_Exercise requirements_
Using the entries below, copy exactly each line from the line with "Tualetinio popieriaus laikiklis, Su" up to and including the line with "Vỡ òa trong", with every picture left out.

(Given information Opens)

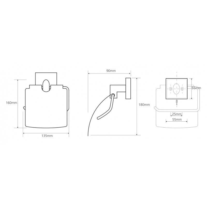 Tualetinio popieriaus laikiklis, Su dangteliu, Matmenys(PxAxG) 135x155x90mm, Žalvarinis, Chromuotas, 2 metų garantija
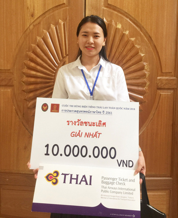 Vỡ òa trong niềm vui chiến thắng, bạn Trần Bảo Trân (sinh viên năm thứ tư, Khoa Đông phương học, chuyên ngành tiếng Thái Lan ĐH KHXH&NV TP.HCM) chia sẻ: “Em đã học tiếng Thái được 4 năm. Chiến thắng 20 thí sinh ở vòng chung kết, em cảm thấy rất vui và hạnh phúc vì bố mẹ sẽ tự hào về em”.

(Given information Closes)
(Given information Opens)

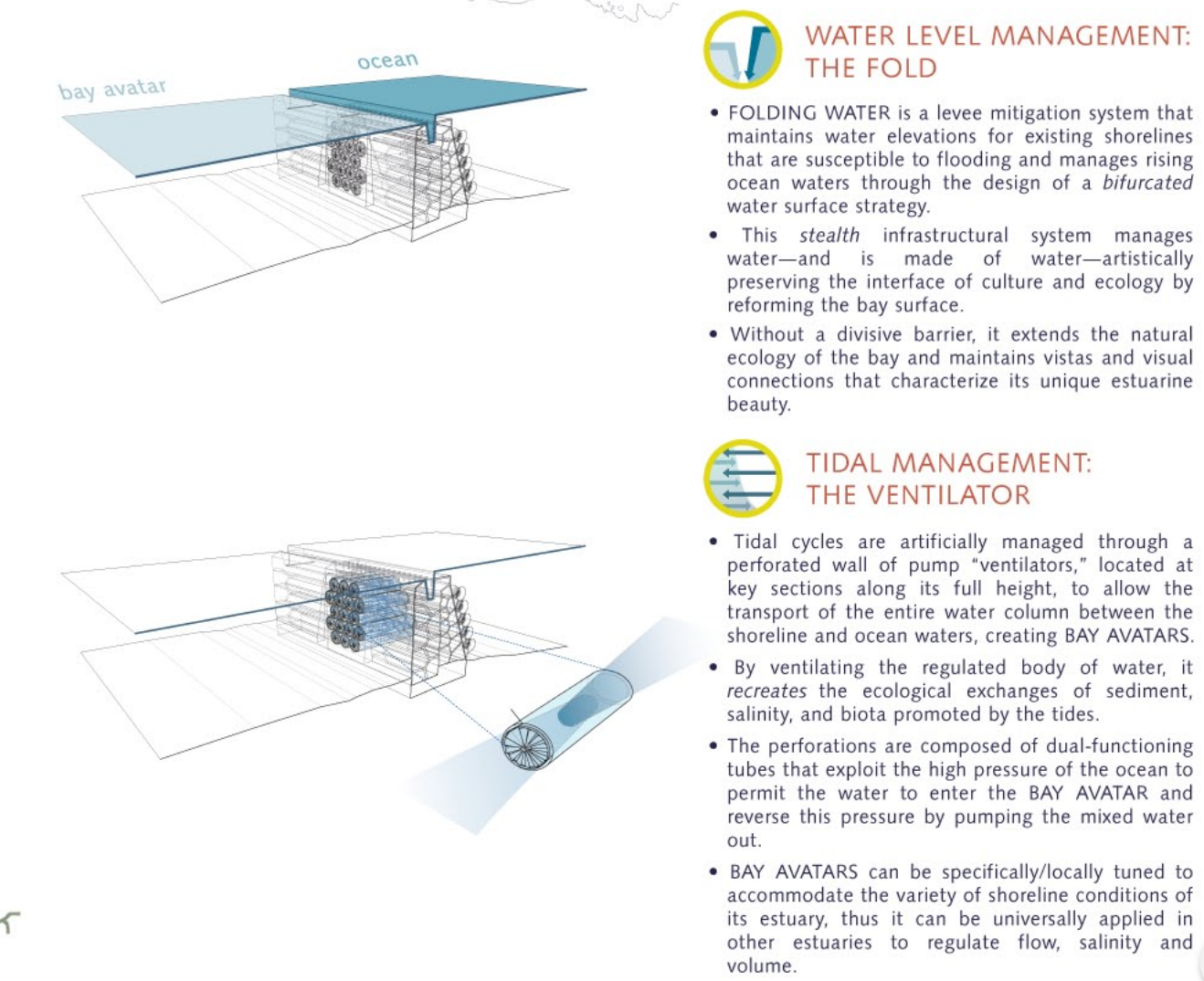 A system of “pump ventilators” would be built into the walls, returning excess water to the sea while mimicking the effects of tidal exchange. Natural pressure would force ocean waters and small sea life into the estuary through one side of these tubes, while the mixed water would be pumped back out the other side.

(Given information Closes)

_Result of this task_
 Tualetinio popieriaus laikiklis, Su dangteliu, Matmenys(PxAxG) 135x155x90mm, Žalvarinis, Chromuotas, 2 metų garantija
 Vỡ òa trong niềm vui chiến thắng, bạn Trần Bảo Trân (sinh viên năm thứ tư, Khoa Đông phương học, chuyên ngành tiếng Thái Lan ĐH KHXH&NV TP.HCM) chia sẻ: “Em đã học tiếng Thái được 4 năm. Chiến thắng 20 thí sinh ở vòng chung kết, em cảm thấy rất vui và hạnh phúc vì bố mẹ sẽ tự hào về em”.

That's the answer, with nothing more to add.